### EXERCISE
When a line below contains the string "were", show that line.

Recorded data

-*-*-

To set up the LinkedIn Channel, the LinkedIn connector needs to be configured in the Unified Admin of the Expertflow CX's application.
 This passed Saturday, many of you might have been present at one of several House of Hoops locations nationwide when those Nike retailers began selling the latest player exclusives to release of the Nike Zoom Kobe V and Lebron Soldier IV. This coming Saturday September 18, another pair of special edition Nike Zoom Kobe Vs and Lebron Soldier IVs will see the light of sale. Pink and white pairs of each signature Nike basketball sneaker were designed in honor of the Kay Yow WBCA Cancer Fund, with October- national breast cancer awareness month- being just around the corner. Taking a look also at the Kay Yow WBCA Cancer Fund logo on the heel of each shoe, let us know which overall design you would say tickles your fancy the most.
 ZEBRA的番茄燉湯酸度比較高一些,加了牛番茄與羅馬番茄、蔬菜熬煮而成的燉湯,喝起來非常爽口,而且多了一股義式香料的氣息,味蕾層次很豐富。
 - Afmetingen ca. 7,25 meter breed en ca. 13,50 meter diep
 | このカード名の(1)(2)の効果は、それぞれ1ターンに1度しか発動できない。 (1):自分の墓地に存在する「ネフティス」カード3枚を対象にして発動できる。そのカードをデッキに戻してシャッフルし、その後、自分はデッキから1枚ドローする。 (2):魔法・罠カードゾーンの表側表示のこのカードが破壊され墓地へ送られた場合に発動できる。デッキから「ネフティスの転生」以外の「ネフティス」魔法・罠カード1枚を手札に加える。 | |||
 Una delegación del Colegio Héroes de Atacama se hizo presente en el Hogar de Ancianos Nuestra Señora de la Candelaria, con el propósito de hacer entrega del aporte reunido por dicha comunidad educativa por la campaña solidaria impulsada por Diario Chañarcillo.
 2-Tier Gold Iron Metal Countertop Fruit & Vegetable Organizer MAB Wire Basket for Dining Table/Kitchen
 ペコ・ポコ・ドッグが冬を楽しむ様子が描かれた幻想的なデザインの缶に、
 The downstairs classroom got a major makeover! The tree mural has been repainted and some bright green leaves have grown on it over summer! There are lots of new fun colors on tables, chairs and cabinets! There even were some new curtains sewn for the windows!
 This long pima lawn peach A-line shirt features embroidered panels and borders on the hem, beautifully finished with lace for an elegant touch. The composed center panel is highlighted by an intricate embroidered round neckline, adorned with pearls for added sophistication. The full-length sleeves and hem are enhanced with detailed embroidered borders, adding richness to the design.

-*-*-

### RESULT OF THIS TASK
 This passed Saturday, many of you might have been present at one of several House of Hoops locations nationwide when those Nike retailers began selling the latest player exclusives to release of the Nike Zoom Kobe V and Lebron Soldier IV. This coming Saturday September 18, another pair of special edition Nike Zoom Kobe Vs and Lebron Soldier IVs will see the light of sale. Pink and white pairs of each signature Nike basketball sneaker were designed in honor of the Kay Yow WBCA Cancer Fund, with October- national breast cancer awareness month- being just around the corner. Taking a look also at the Kay Yow WBCA Cancer Fund logo on the heel of each shoe, let us know which overall design you would say tickles your fancy the most.
 The downstairs classroom got a major makeover! The tree mural has been repainted and some bright green leaves have grown on it over summer! There are lots of new fun colors on tables, chairs and cabinets! There even were some new curtains sewn for the windows!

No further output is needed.